THE TASK |
Repeat, word for word, every line from the line holding "Черно-белый кожаный ошейник" through the final line of the entries below. Skip all pictures.

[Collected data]
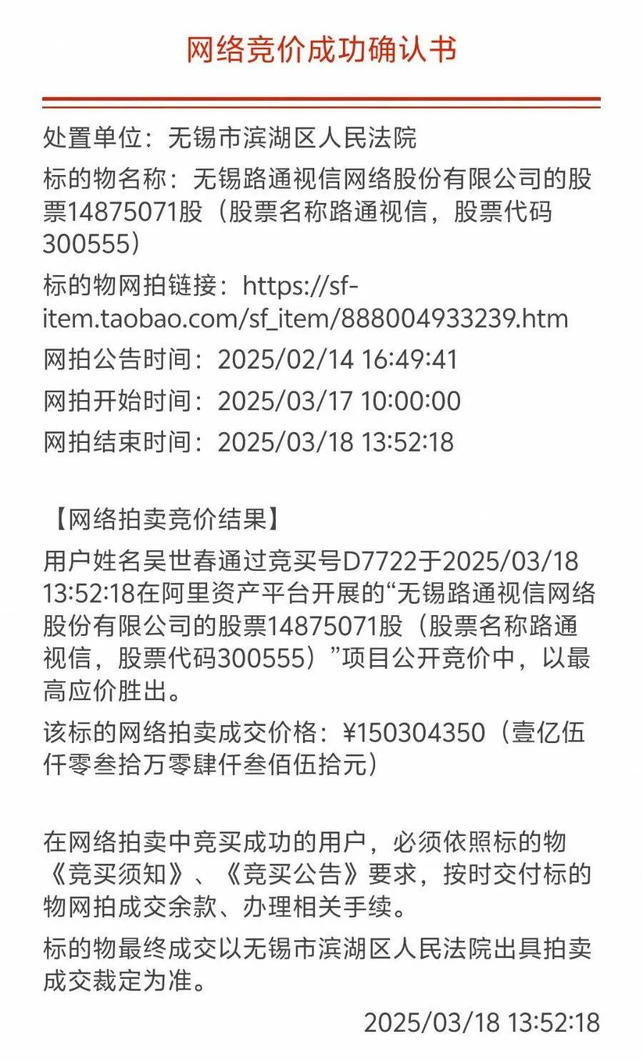 今年以来,华晟云城持有的股权多次被拍卖。阿里拍卖显示,吴爱军于1月以9016.85万元拍下1022.62万股(占公司总股本5.11%),吴世春于3月以1.50亿元拍下1487.50万股(占公司总股本7.44%)。
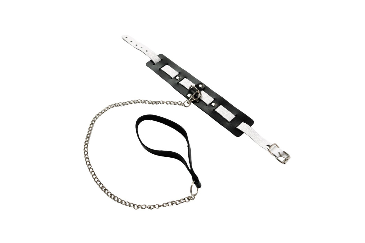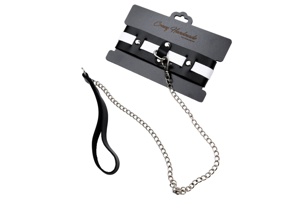 Черно-белый кожаный ошейник с поводком-цепочкой — стильное и элегантное решение для взрослых
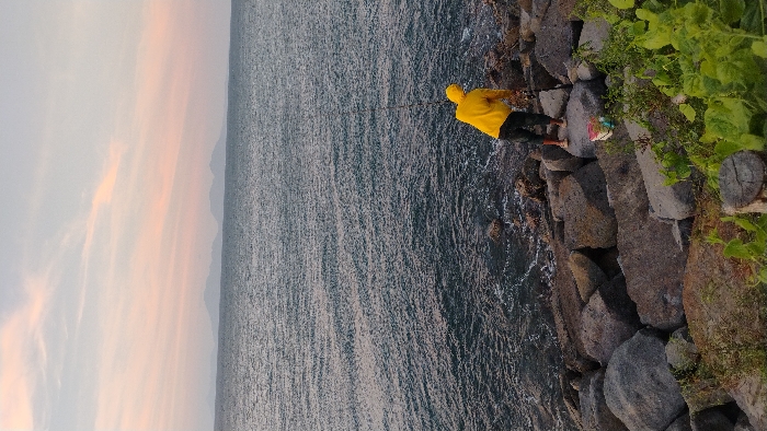 The image depicts a coastal scene in Banda Aceh, Indonesia, at either dawn or dusk. A single individual, positioned with their back to the viewer and slightly off-center right, is engaged in fishing from a rocky shoreline. The person wears a bright yellow hooded jacket and dark pants, standing on large, irregular grey rocks that form the water's edge. A fishing rod is held by the individual, extending into the open sea. Near the individual's feet, a white plastic bucket with red and green accents rests on a rock. The foreground includes green foliage and parts of cut logs on the landward side of the rocks. The water, a dark grey-blue, shows ripples and minor surface agitation, extending across the mid-ground. Faint silhouettes of distant mountains or landmasses are visible on the horizon. The sky exhibits soft pastel colors of pink, orange, and light blue, indicative of low light conditions.
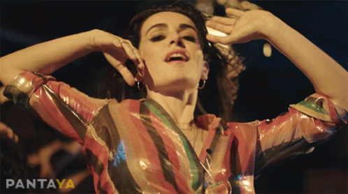 Ana De La Reguera dancing energetically in a vibrant striped shirt, with the Pantaya logo visible.
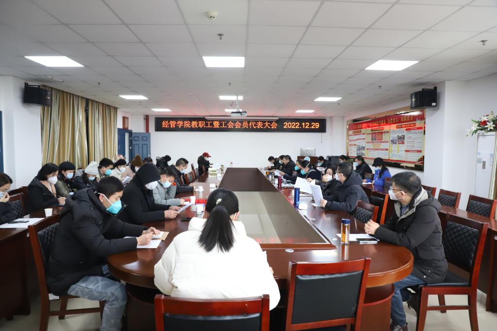2022年12月29日下午15:00,必赢565net官网网站在文科大楼505会议室组织召开教职工暨工会会员代表大会,34名教职工代表到场参加会议,大会由党委书记樊帆主持。
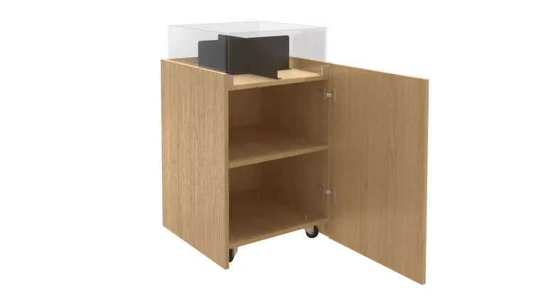 Avec une porte équipée d’une serrure, l’espace de rangement intégré sous le bac permet de garder des articles en sécurité tout en les ayant à portée de main.
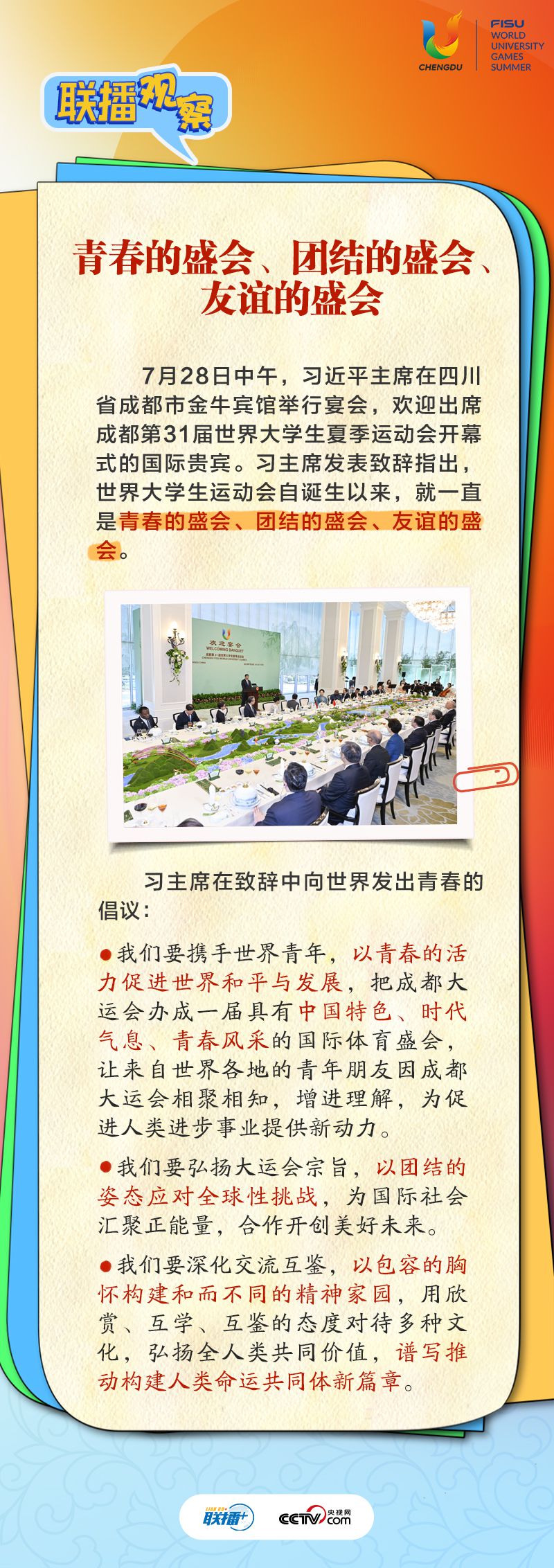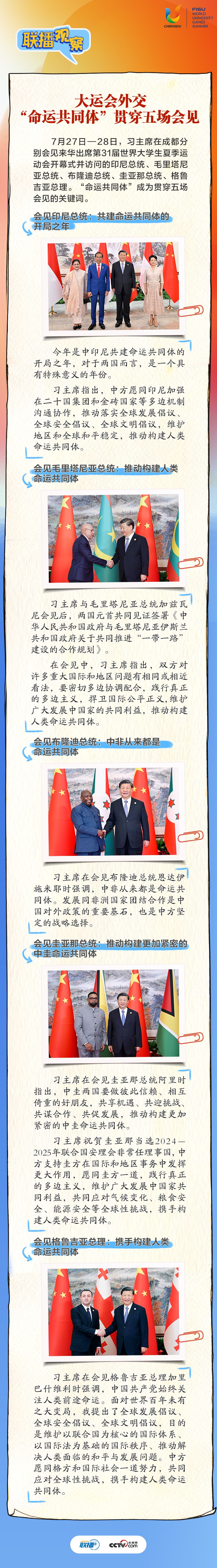 大運(yùn)會(huì)時(shí)間,我國(guó)重要的主場(chǎng)外交也同步拉開(kāi)帷幕,習(xí)近平主席的日程格外繁忙。央視網(wǎng)《聯(lián)播+》帶您沉浸式感受這場(chǎng)青春盛會(huì)為世界送出的別具匠心的“四川禮物”。

EXPECTED ANSWER |
 Черно-белый кожаный ошейник с поводком-цепочкой — стильное и элегантное решение для взрослых
 The image depicts a coastal scene in Banda Aceh, Indonesia, at either dawn or dusk. A single individual, positioned with their back to the viewer and slightly off-center right, is engaged in fishing from a rocky shoreline. The person wears a bright yellow hooded jacket and dark pants, standing on large, irregular grey rocks that form the water's edge. A fishing rod is held by the individual, extending into the open sea. Near the individual's feet, a white plastic bucket with red and green accents rests on a rock. The foreground includes green foliage and parts of cut logs on the landward side of the rocks. The water, a dark grey-blue, shows ripples and minor surface agitation, extending across the mid-ground. Faint silhouettes of distant mountains or landmasses are visible on the horizon. The sky exhibits soft pastel colors of pink, orange, and light blue, indicative of low light conditions.
 Ana De La Reguera dancing energetically in a vibrant striped shirt, with the Pantaya logo visible.
2022年12月29日下午15:00,必赢565net官网网站在文科大楼505会议室组织召开教职工暨工会会员代表大会,34名教职工代表到场参加会议,大会由党委书记樊帆主持。
 Avec une porte équipée d’une serrure, l’espace de rangement intégré sous le bac permet de garder des articles en sécurité tout en les ayant à portée de main.
 大運(yùn)會(huì)時(shí)間,我國(guó)重要的主場(chǎng)外交也同步拉開(kāi)帷幕,習(xí)近平主席的日程格外繁忙。央視網(wǎng)《聯(lián)播+》帶您沉浸式感受這場(chǎng)青春盛會(huì)為世界送出的別具匠心的“四川禮物”。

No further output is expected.